Битюги подбежали к машине. Хоть рожи те еще, но с пониманием, постучались вежливо. Сева открыл. Один битюг был с татуированными руками, а второй рыжий. Сейчас рыжим нормально живется, а вот при Петре I так себе. Говорят, Петру няня в детстве поговорку рассказала: «Встретил рыжего – бей. Или шельма, или плут!» Вот Петр, когда вырос, и стал рыжих на гвозди в Финляндию обменивать. Поэтому там рыжих дохера, а у нас мало.

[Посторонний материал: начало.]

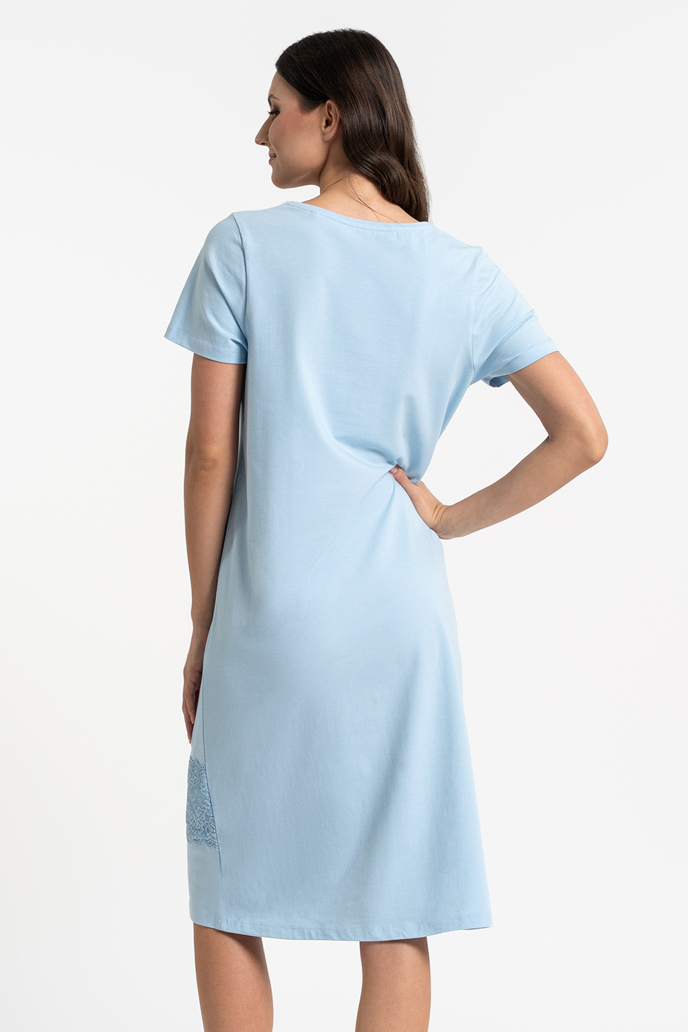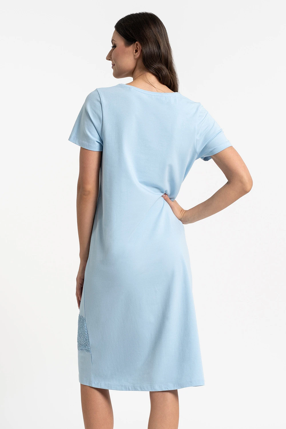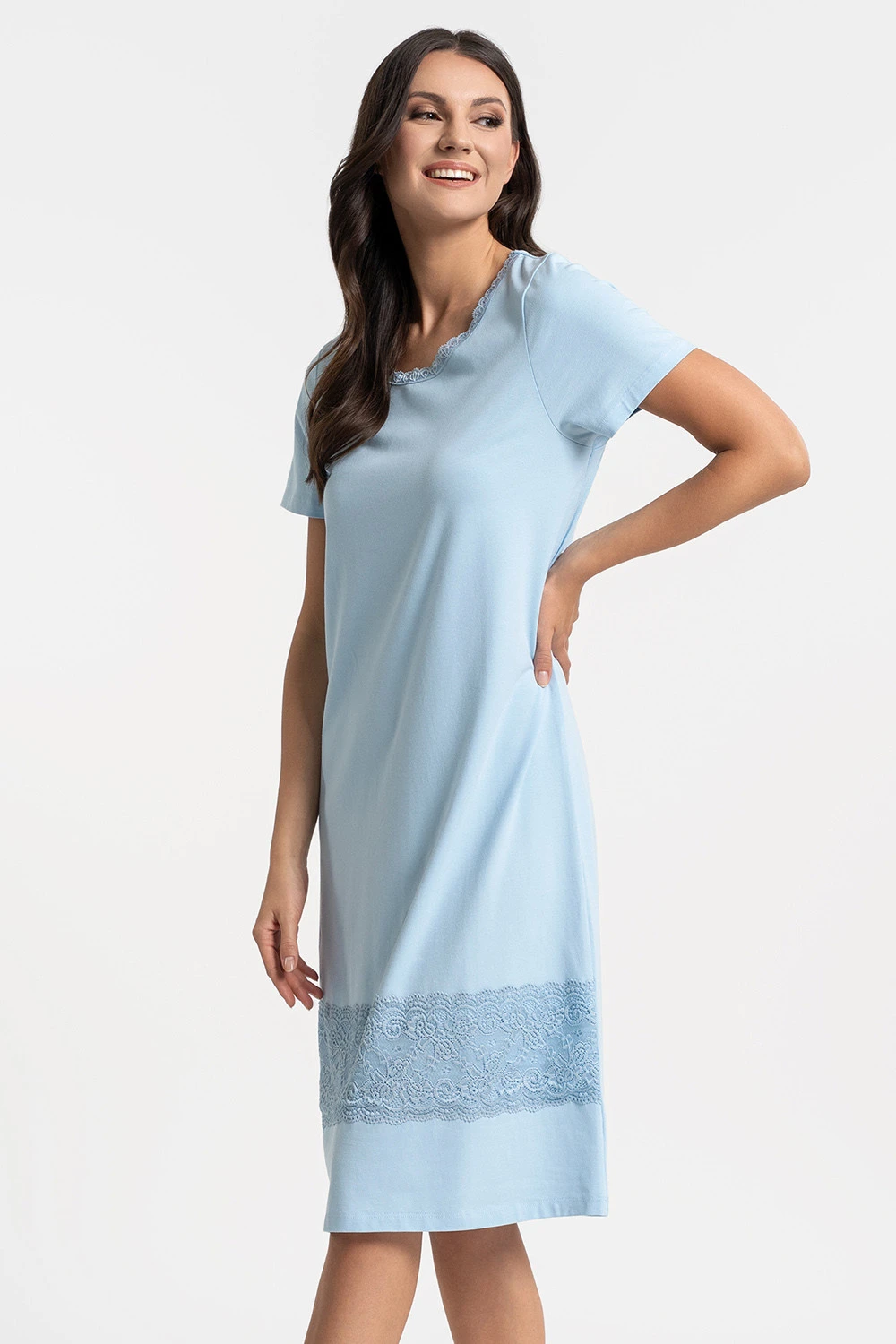 Damska koszula nocna Moraj PDK2600-013 wykonana z miękkiej dzianiny bawełnianej z dodatkiem elastanu, zapewnia komfort i swobodę ruchów. Klasyczny, okrągły dekolt i krótki rękaw sprawiają, że model jest uniwersalny przez cały rok. Prosty, nieopinający krój sprzyja wygodzie podczas snu i domowego relaksu. To praktyczna baza nocnej garderoby o ponadczasowym charakterze. Skład: 95% bawełna, 5% elastan.
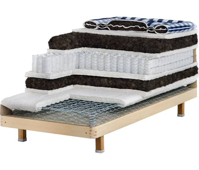尽管 2000T 的品质和舒适程度已经难以超越,但海丝腾依然坚持每年不断改进,以期将制床技艺推向更高境界。以现在为例。我们采用多层更为纤薄的马尾毛,并在中间加入更纤薄的棉花和羊毛。这项手工揉合纤维工艺堪称一门艺术,耐心和灵巧缺一不可。功夫不负有心人,辛苦的付出最终成就了一件件柔韧透气、舒适怡人的精品杰作。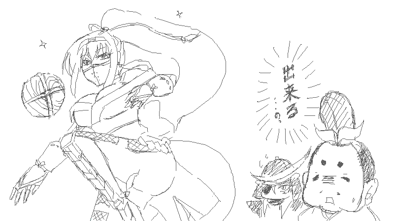 一昨日籠もった時になんとなく描いてた落書き載せて退散。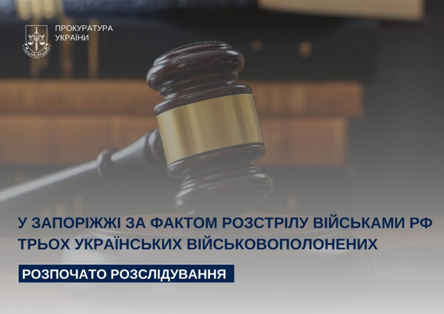 Запорізька обласна прокуратура повідомила про початок розслідування злочину проти військовополонених. Про це повідомили у пресслужбі Запорізької обласної прокуратури. Справа стосується вбивства трьох українських захисників, які потрапили в полон до російських військових.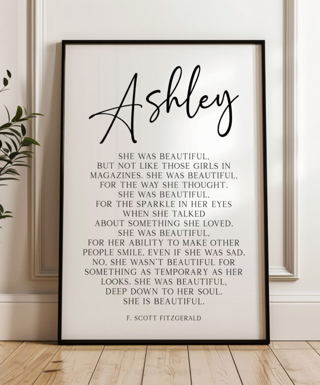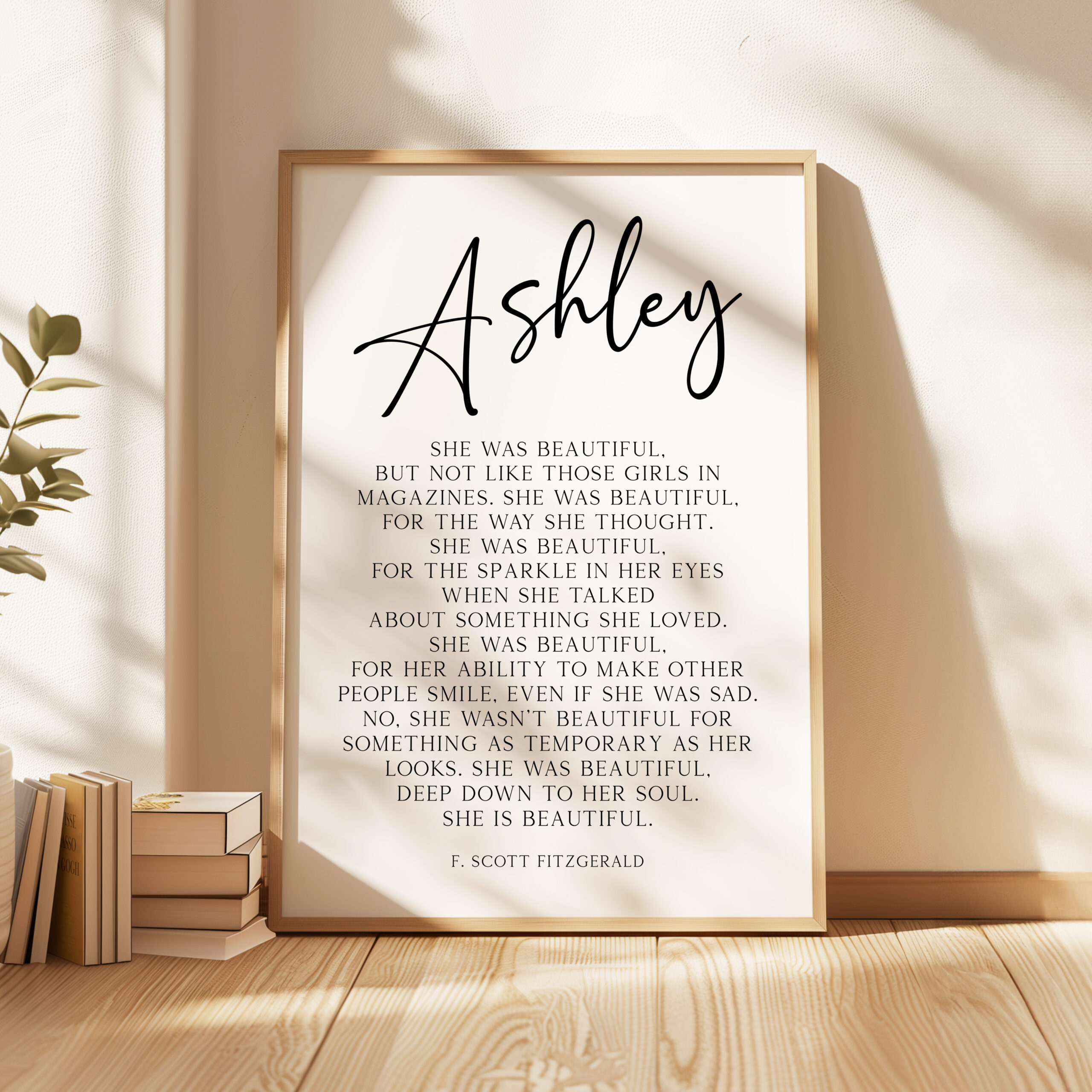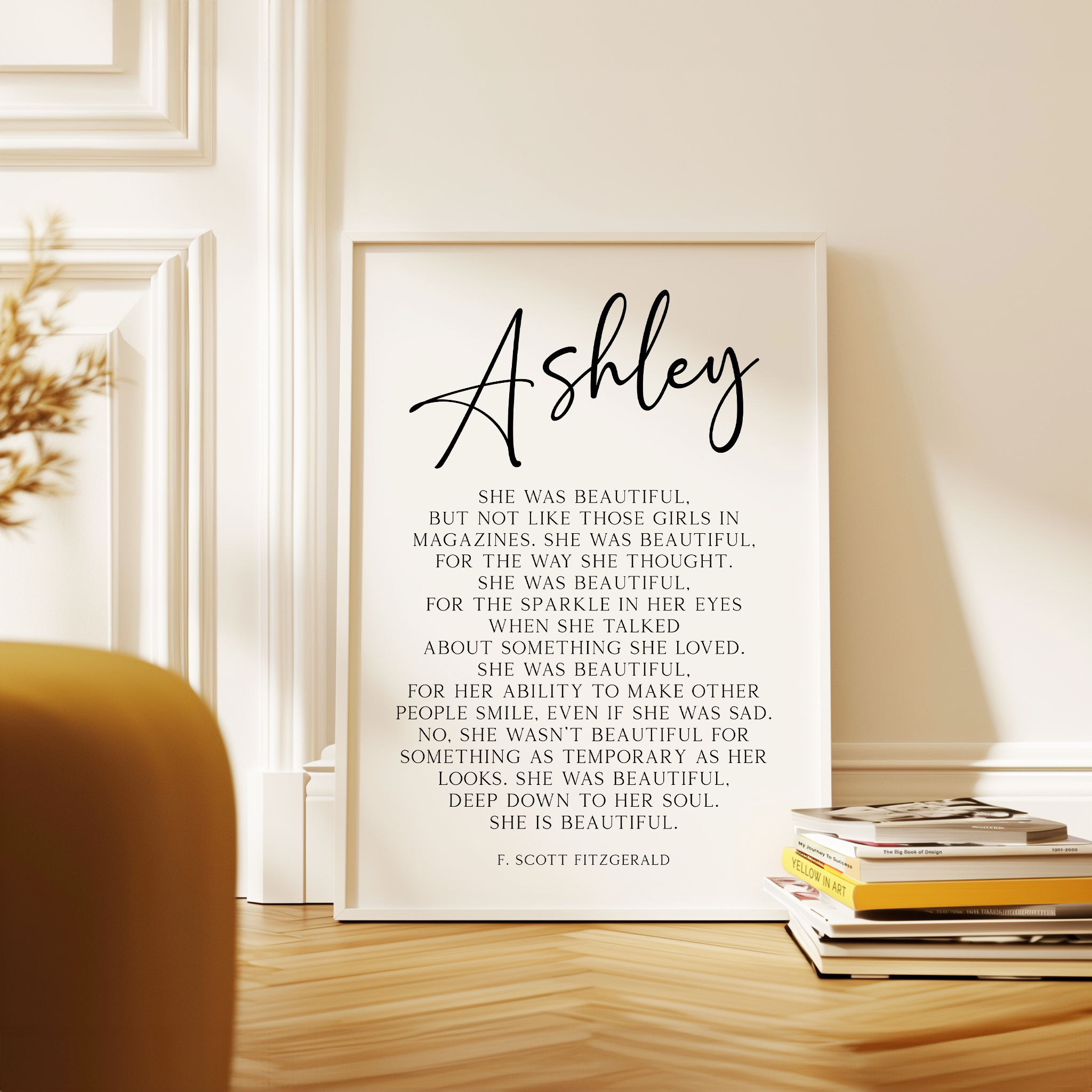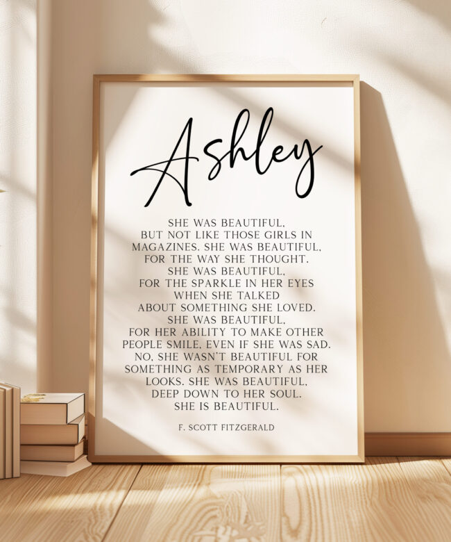 Celebrate a woman’s true essence with this timeless personalized art print. Featuring the poignant F. Scott Fitzgerald quote, “She was beautiful, but not like those girls in magazines…”, this piece honors beauty that radiates from the soul. With the option to customize the name at the top — like “Ashley” — it becomes a deeply personal and meaningful gift. Perfect for birthdays, graduations, or as daily inspiration for someone who lights up your life.

Рыжий: Здравствуйте. Мы из реабилитационного центра. Эта девушка от нас сбежала. Мы ее забираем. Вера, пойдем.
Саврас: Забирайте, пацаны. Нахер она нам нужна.
Татуированный обошел машину и потянулся к задней двери с моей стороны, Вера быстро закрыла дверь.
Татуированный: Не понял… ты чё моросишь? Мужик, открой.
Я не открыл. Рыжий с силой постучал костяшками по стеклу.
Рыжий: Мужики, хорош. Девку отдайте.
Я потянулся к шпингалету. Вера вцепилась в мою руку. Наши взгляды встретились. Слабость все-таки у меня к голубым глазам.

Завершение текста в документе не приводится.